Cet angle d'attaque est une excellente idée, selon Emmanuel Kuntsche, responsable du secteur recherche ad interim à Addiction Suisse. «On sous-estime le problème. Même avec des quantités d'alcool relativement faibles, l'attention diminue, tout comme la capacité à bien interpréter les gestes et les paroles des autres. Cela peut engendrer des malentendus, déclencher des disputes au sein du couple ou entre amis…»
Une perception modifiée de la réalité, un flou dans les limites à respecter peut amener quelqu'un à diffuser un secret ou dévoiler des éléments de son intimité à ses collègues. Des petites choses, mais qui seront regrettées le lendemain. «Cela peut être aussi bien plus grave: harcèlement, rapports sexuels non protégés, actes de violence, accidents de voiture, viols…»

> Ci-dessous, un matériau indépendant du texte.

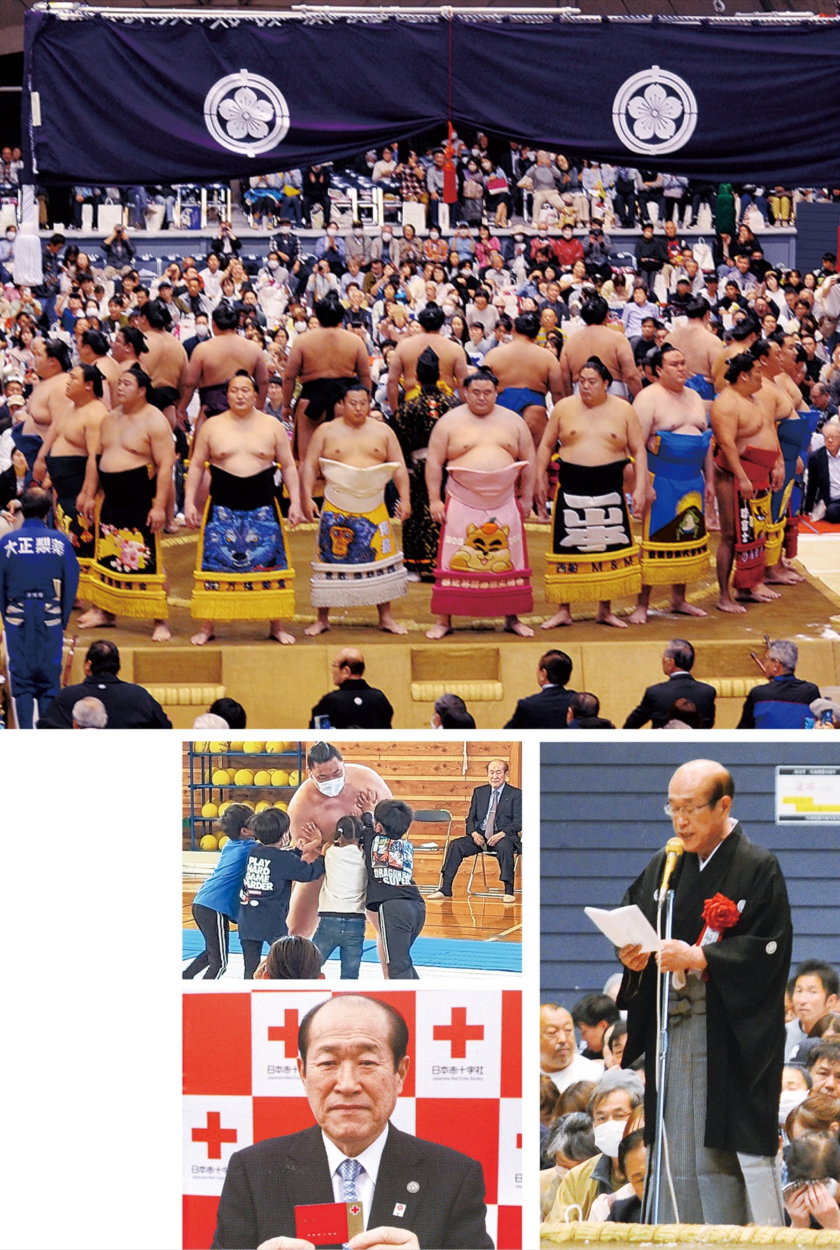 もう1つの大きな貢献が献血。最上氏は日本赤十字社を支援する日赤紺綬有功会の県の会長であり、日赤理事として活動を支援。全国最大規模と言われる巡業と同時開催の献血キャンペーンは、今年、最高記録を更新。積極的な献血普及活動として日赤のみならず相撲界からも注目される。

Les chiffres de l'étude «Health Behaviour in School-aged Children», menée en 2014, ne sont pas rassurants: parmi les jeunes de 15 ans ayant consommé de l'alcool dans le mois, 36% des filles et 25% des garçons ont dit ou fait quelque chose d'embarrassant. Ces dérapages alcoolisés peuvent d'ailleurs prendre des dimensions dramatiques à travers les réseaux sociaux.